Basil, que escuchaba sin hacer preguntas innecesarias, le lanzó una segunda carta, esta vez Perona tuvo que taparse la boca para no soltar un gemido.

Era "La muerte".

Tiró algunas más y comenzó a interpretarlas en voz baja para lograr llegar a una conclusión. "La torre", "El colgado" y por último "La fuerza".

Viene un momento oscuro —fue lo primero que dijo—, estas tres cartas se irán revelando en su debido momento, debes recordarlas, pues son ellas quienes te ayudarán a evitar que "El diablo" se haga contigo.

Un silencio casi sepulcral se hizo presente, Zoro intentó animar un poco a su amigo, no permitiría que nada malo le pasara, ni a él, ni a Mihawk.

Finalmente y tras barajar de nuevo las cartas destaparon la suerte de Zoro… "El loco", soltó un pesado suspiro al verla. —Así que esa carta me perseguirá por siempre —exclamó en voz baja. Su segunda carta tirada fue "El juicio",

—no malinterpretes tu suerte, pronto llegará el momento en que tengas que enfrentar tu destino.

Zoro soltó un suspiro, ahora recordaba el motivo por el cual siempre le afectaban las reuniones con Basil. Una y otra vez le salían las mismas cartas y su compañero contestaba exactamente lo mismo «llegará el momento».

«Sí, llegará el momento en que vuelva al psiquiátrico», pensó con sarcasmo.

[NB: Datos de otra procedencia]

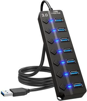 7-Port USB 3.0 Hub, Vertical USB Hub Splitter with RGB Lighting,5Gbps High-Speed Data Transfer and 2FT Extension Cable, Compatible with PC, MacBook, Laptop, PS5, Xbox, Flash Drive, PrinterBrand: AnkerSeries: J7-WF-BK-2FT JoyRekenMax Devices Supported: 127Ports: 1 x USB 3.0, 3 x USB 2.0Model #: 887254816033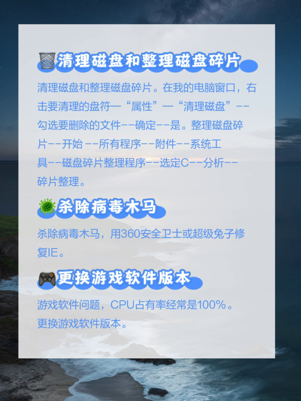 3.经常清理磁盘和整理磁盘碎片。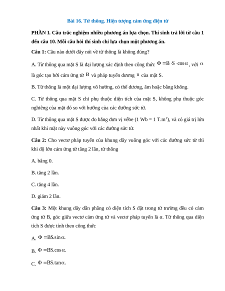 Câu 10: Vectơ cảm ứng từ của từ trường đều xuyên qua diện tích S theo phương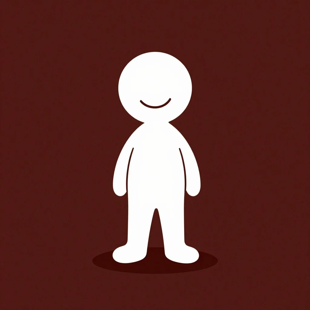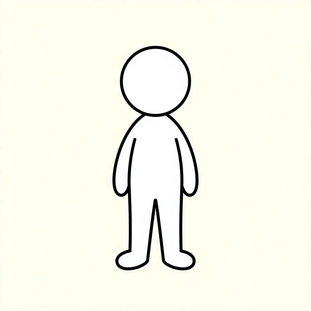 A minimalist, whimsical illustration featuring a single stick-figure character. Family-friendly original character portrait, polished composition, wholesome mood, image-only scene, No text, no words, no letters, no typography, no captions, no labels, no logos, no signage, no watermark.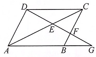 【变式】 如图,在 $□ ABCD$ 中,$G$ 是 $AB$ 的延长线上一点,连接 $DG$,分别交 $AC$,$BC$ 于点 $E$,$F$,且 $AE:EC = 3:2$.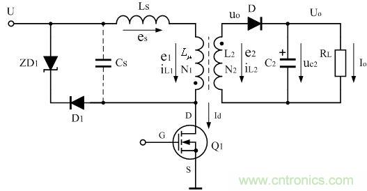 試驗時,以輸入電壓和輸出功率的最大值為條件,然后,由大到小,選擇不同容量的電容器做試驗,用示波器觀測電源開關(guān)管D-S兩端的電壓,直到Uds與最高耐壓BVm兩者之差能滿足余量要求時,為最佳結(jié)果。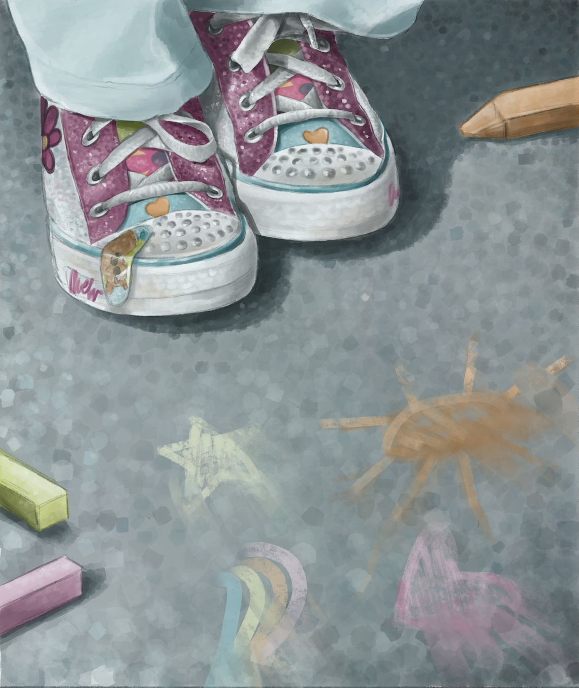 This assignment was a project created for a Color Theory course at Las Positas Community College. The prompt was to create an artwork based off of a song, and I chose "Scott Street" by Pheobe Bridgers. To me, this song perfectly encapsulates the feeling of nostalgia, and yearning for a childhood that has been washed away. Additionally, the song talks about the feeling of realizing that you have grown up and moved on from your past, which is a feeling I have been experiencing a lot lately. I created this piece digitally on ProCreate, using a stippling technique to achieve the realistic and textured effect. This assignment was extremeley comforting to me, because it allowed me to both explore my own emotions and create using a medium I love.
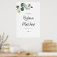 Simples e elegante sinal de casamento de folhagem de eucalipto verde.
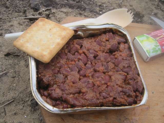 The beans or lintels were very firm. The tomato sauce type base was very thick and could have used about one table spoon of boiling water to make a better broth. Has I eaten it in the mess tin I would have added one or two tablespoons of water to thin out the sauce. The flavor was also very mild and was missing the Typical American Spice for Chili type meals Cumin I added a good dash of MRE Tabasco and it was then very palatable. This was extremely dense and filled me up quickly. I had to force myself to finish the entire tin. I would have no problem eating this meal again and I think the key for these Russian Main Course entrees is to heat them up and get the juices mixed together

Un hombre que ninguno de los presentes había visto se acercó hasta Basil con una pequeña nota, el médium le dio un vistazo rápido y soltó el aire con pesadez.

—Roronoa, hay un sitio donde necesito ir, por favor, acompáñame —el peli verde, se puso de pie y negó con las manos,

—¡no, no volveré a prestarte mi ayuda, cada vez que lo hago termino en problemas! —los demás observaron curiosos, ni siquiera Law había estado presente en algún trabajo de Basil,

—en una casa no muy lejos de aquí vive una mujer con su niña pequeña. Ahí habita un fantasma al que no he terminado de comprender, siempre que llego se niega a moverse o a hablar, permanece horas sentado en el mismo sitio, pero esta vez parece ser que atacó a la pequeña… su cuerpecito amaneció lleno de arañazos y temen que se vuelva más violento,

—para eso no necesitas mi ayuda —contestó el peli verde—, simplemente haz que se retire ¿no es el exorcismo tu especialidad?

—yo no soy un médium tan fuerte como tú, si no puedo saber la identidad del fantasma, me costará mucho más expulsarlo de la casa, necesito que te acerques e intentes dialogar con él antes de tomar la decisión,

—vamos Zoro, no puedes negarles tu ayuda —agregó Perona, Law también lo miró de reojo,

—no reprimas tu don, debes aprender a usarlo adecuadamente —insistió el rubio—, hazlo por esas dos mujeres que no pueden defenderse solas.

El peli verde, al sentir la mirada de todos sobre él, soltó un quejido resignado —de acuerdo, pero esta es la última vez,

Basil se puso en pie —entonces, andando.

Law y Perona parecían entusiasmados, ninguno de ellos habían presenciado la expulsión de un espíritu. Corazón, por su parte, no tenía muchos ánimos de asistir, sin embargo no tenía opción, seguiría a Law a donde él deseara ir sin oponer resistencia.